Abstract

The interactions of cholesterol with lecithin in excess water have been examined in sonicated dispersions using high resolution nuclear magnetic resonance spectroscopy, and in unsonicated dispersions using wide line nuclear magnetic resonance. Detailed spectroscopic and molecular interpretations are derived by comparison of the lecithin spectra before and after the addition of cholesterol.

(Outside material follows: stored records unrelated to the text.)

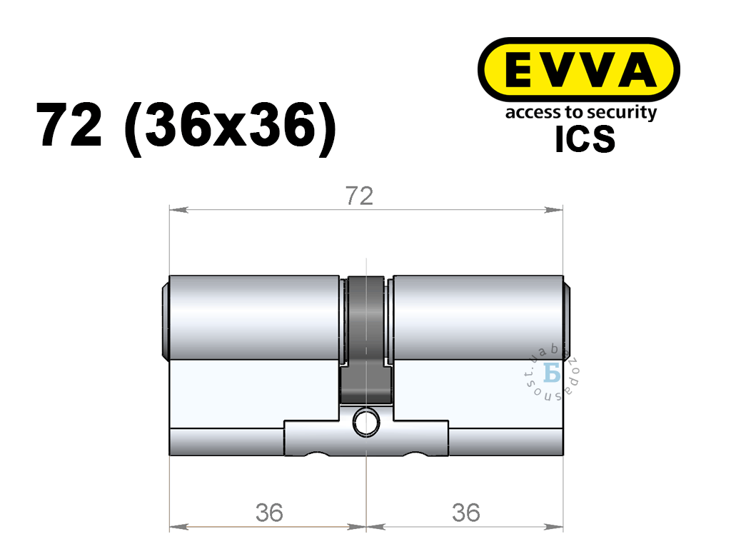 Цилиндр EVVA ICS 72 мм (36x36), ключ-ключ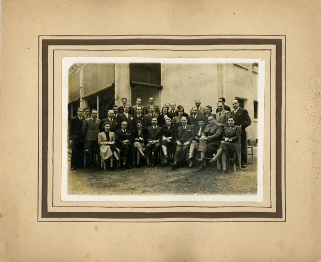 Fotografía en blanco y negro montada sobre cartulina decorativa de bordes concéntricos en tonos marrón, blanco y beige. La imagen muestra un grupo numeroso de personas, compuesto por hombres y mujeres adultos, dispuestos en tres planos principales: una fila frontal sentada, una segunda fila de pie y una tercera fila elevada o en segundo plano, también de pie. Todos visten indumentaria formal, destacando trajes oscuros, abrigos largos, corbatas y sombreros. Las mujeres llevan vestidos y abrigos, algunas con sombrero o peinados recogidos. El grupo se encuentra en un espacio exterior, sobre suelo de tierra, frente a un edificio de fachada simple, de superficie lisa y ventanas rectangulares, parcialmente cubiertas por persianas. La iluminación natural es uniforme, sin sombras marcadas. La fotografía presenta bordes blancos visibles.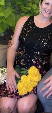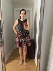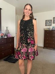 I loved this dress & highly recommend it. It was fun, festive & comfortable. The colors are way better in person-the gold metallic was my favorite & was a perfect touch for a holiday party. It was a bit snug in the chest but the bodice material is like a waffle weave & has some stretch. Shout out to the RTR staff for their superior customer service. I was notified in plenty of time that my first choice wasn't retuned in time to ship to me. They replaced it with 2 back ups including this winner.

When dispersed in excess water, lecithin and cholesterol form an equimolar complex which has a lifetime greater than 30 msec. Apolar interactions between the steroid molecule and the first ten methylene groups of each lecithin chain severely restrict the motions of this region of the chains, leaving their terminal methyl ends relatively free. The lecithin phosphate group and cholesterol hydroxyl appear to be juxtaposed and may be hydrogen bonded. In a codispersion where the cholesterol is present in less than equimolar amounts, the complex is not distributed evenly within the bilayers, but forms clusters. Earlier observations on the chain-melting behaviour of lecithin-cholesterol codispersions are correlated with the existence of the complex and with its temperature dependence. The biological significance of the rigidity profiles across lecithin and mixed lecithin-cholesterol bilayers and of the possibility of heterogeneous distributions of complex within the plane of a bilayer is discussed.